Democrats are starting to scale back some of their well-known environmental policies due to rising economic costs. However, some policy experts believe these changes are more symbolic than anything else.
Recently, Democratic leadership has taken steps to relax significant climate regulations. For instance, in California, Gov. Gavin Newsom updated the state’s key environmental review law in June. Many observers feel that these adjustments signal a growing awareness among Democratic lawmakers that the economic fallout from climate initiatives is influencing their decisions, though it’s unclear if these changes will be permanent.
On June 30, Newsom approved alterations to the California Environmental Quality Act (CEQA), which faced criticism for contributing to project delays and worsening the state’s housing affordability crisis. Similarly, the California Energy Commission has proposed suspending profit caps for state oil refiners following the announcement from two major refineries about closing their operations.

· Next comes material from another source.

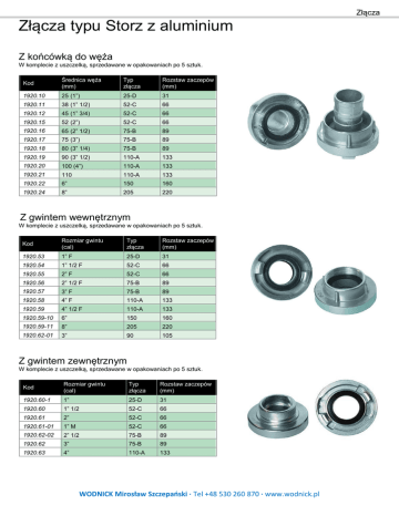 Złącza Złącza typu Storz z aluminium Z końcówką do węża W komplecie z uszczelką, sprzedawane w opakowaniach po 5 sztuk. Kod Średnica węża (mm) Typ złącza Rozstaw zaczepów (mm) 1920.10 25 (1”) 25-D 31 1920.11 38 (1” 1/2) 52-C 66 1920.12 45 (1” 3/4) 52-C 66 1920.15 52 (2”) 52-C 66 1920.16 65 (2” 1/2) 75-B 89 1920.17 75 (3”) 75-B 89 1920.18 80 (3” 1/4) 75-B 89 1920.19 90 (3” 1/2) 110-A 133 1920.20 100 (4”) 110-A 133 1920.21 110 110-A 133 1920.22 6” 150 160 1920.24 8” 205 220 Z gwintem wewnętrznym W komplecie z uszczelką, sprzedawane w opakowaniach po 5 sztuk. Kod Rozmiar gwintu (cal) Typ złącza Rozstaw zaczepów (mm) 1920.53 1” F 25-D 31 1920.54 1” 1/2 F 52-C 66 1920.55 2” F 52-C 66 1920.56 2” 1/2 F 75-B 89 1920.57 3” F 75-B 89 1920.58 4” F 110-A 133 1920.59 4” 1/2 F 110-A 133 1920.59-10 6” 150 160 1920.59-11 8” 205 220 1920.62-01 3” 90 105 Z gwintem zewnętrznym W komplecie z uszczelką, sprzedawane w opakowaniach po 5 sztuk. Kod Rozmiar gwintu (cal) Typ złącza Rozstaw zaczepów (mm) 1920.60-1 1” 25-D 31 1920.60 1” 1/2 52-C 66 1920.61 2” 52-C 66 1920.61-01 1” M 52-C 66 1920.62-02 2” 1/2 75-B 89 1920.62 3” 75-B 89 1920.63 4” 110-A 133 WODNICK Mirosław Szczepański ∙ Tel +48 530 260 870 ∙ www.wodnick.pl Złącza Złącza typu Storz z aluminium Złącza redukcyjne W komplecie z uszczelką, sprzedawane w opakowaniach po 5 sztuk. Kod Rozmiar (mm) Typ złącza Rozstaw zaczepów (mm) 1920.81 52/25 (2” - 1”) 52-C/25-D 66/31 1920.82 75/52 (3”-2” 75-B/52-C 89/66 1920.83 110-75 (4” 1/2 - 3”) 110-A/75-B 133/89 Zaślepki Z łańcuchem i uszczelką, sprzedawane w opakowaniach po 5 sztuk. Kod Rozmiar Typ złącza Rozstaw zaczepów (mm) 1920.90 1920.901 1” 1” 1/4 25-D 32 31 1920.91 2” 52-C 66 1920.92 3” 75-B 89 1920.93 4” 110-A 133 1920.94 6” 150 1920.96 8” 205 Uszczelki Silikon do temp. 150°C, Hypalon i Viton na życzenie. Kod Opis Materiał Rozmiar 1920.03-01 Uszczelka wargowa NBR biały 52-C 1920.03-03 Uszczelka złączna do węży ssawnych NBR biały Uszczelka płaska do złączy z gwintem NBR biały 1920.03-04 1920.03-02 110-A 205 52-C Klucze Kod Rozmiar Typ złącza 1920.01 150 150 F 1920.01-01 205 205 F Obejmy 3 częściowe do aluminiowych złącz STORZ Kod Rozmiar Typ złącza 1920.99-04 150 (6”) 150 1920.99-05 200 (8”) 205 WODNICK Mirosław Szczepański ∙ Tel +48 530 260 870 ∙ www.wodnick.pl

Wayne Winegarden, a senior fellow at the Pacific Institute, mentioned that “these policies can be costly,” adding that “the median voters seem to conclude that these policies impose too high costs.” He noted that Newsom’s chances of becoming president hinge on winning over median U.S. voters.
As California’s median home prices approach $850,000—more than double the national median—the political implications of aggressive climate policies loom large for state lawmakers. Amid these increases, California continues to experience high gas prices, which seem largely driven by its energy policies.
People often say they support climate policies in theory, but when faced with the prospect of paying an additional $1,000 annually, opinions change, reflecting a more pragmatic stance.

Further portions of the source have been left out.